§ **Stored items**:
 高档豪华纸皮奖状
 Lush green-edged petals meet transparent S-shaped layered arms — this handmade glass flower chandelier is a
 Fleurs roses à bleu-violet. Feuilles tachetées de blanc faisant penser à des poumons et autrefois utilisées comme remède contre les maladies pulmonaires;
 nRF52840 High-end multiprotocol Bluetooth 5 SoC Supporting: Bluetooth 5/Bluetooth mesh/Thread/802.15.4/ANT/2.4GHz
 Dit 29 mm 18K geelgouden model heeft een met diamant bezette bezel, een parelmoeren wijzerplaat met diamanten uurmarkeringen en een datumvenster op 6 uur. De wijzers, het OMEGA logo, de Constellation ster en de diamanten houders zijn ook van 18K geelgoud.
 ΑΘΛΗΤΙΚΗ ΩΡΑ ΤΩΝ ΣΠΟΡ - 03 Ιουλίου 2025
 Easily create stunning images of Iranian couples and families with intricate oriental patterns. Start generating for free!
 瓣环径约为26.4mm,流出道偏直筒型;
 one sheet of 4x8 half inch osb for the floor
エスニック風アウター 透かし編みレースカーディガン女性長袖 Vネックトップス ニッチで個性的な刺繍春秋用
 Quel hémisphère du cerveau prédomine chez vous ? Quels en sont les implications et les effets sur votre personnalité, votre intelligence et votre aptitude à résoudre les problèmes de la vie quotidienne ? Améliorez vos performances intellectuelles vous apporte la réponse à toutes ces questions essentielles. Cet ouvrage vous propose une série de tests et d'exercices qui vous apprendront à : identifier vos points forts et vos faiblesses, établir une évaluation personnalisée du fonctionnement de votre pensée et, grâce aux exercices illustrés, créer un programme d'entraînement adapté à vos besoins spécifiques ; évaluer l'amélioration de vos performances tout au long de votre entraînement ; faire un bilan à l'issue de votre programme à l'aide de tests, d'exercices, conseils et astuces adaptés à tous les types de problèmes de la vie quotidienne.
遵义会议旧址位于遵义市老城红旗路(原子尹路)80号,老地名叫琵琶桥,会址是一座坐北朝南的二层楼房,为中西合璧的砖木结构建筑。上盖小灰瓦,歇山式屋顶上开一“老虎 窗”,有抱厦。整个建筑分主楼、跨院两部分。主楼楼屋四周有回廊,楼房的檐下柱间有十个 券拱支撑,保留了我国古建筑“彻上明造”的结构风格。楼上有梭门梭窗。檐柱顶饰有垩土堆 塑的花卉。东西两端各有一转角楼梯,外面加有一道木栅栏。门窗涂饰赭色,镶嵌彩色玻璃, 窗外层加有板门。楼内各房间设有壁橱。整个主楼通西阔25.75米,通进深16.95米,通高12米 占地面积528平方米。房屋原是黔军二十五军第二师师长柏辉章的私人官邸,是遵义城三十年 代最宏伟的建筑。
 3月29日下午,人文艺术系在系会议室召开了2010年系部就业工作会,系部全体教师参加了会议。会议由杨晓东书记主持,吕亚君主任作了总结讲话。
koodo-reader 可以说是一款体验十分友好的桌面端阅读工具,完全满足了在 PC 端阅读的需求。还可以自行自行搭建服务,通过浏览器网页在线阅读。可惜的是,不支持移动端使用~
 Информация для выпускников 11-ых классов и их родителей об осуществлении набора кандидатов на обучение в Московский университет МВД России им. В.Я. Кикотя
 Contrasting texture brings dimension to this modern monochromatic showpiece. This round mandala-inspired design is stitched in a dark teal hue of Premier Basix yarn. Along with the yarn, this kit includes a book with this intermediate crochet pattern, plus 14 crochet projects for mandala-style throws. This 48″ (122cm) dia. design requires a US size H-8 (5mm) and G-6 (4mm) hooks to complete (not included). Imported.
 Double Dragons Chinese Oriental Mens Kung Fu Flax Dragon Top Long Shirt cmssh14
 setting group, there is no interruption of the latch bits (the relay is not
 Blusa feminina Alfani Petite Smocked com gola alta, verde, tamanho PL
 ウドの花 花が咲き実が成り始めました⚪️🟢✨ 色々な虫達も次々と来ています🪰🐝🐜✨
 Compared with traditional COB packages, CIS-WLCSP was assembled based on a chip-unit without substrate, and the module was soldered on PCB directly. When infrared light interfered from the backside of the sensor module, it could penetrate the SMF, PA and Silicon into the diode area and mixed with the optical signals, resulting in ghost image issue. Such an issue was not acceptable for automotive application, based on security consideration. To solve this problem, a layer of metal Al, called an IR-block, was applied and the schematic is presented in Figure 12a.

§ **Task to carry out**:
Each line from the one containing "ウドの花 花が咲き実が成り始めました⚪️🟢✨ 色々な虫達も次々と来ています🪰🐝🐜✨" through the last line of the entries is to be copied exactly, with no other lines added.

§ **Your solution**:
 ウドの花 花が咲き実が成り始めました⚪️🟢✨ 色々な虫達も次々と来ています🪰🐝🐜✨
 Compared with traditional COB packages, CIS-WLCSP was assembled based on a chip-unit without substrate, and the module was soldered on PCB directly. When infrared light interfered from the backside of the sensor module, it could penetrate the SMF, PA and Silicon into the diode area and mixed with the optical signals, resulting in ghost image issue. Such an issue was not acceptable for automotive application, based on security consideration. To solve this problem, a layer of metal Al, called an IR-block, was applied and the schematic is presented in Figure 12a.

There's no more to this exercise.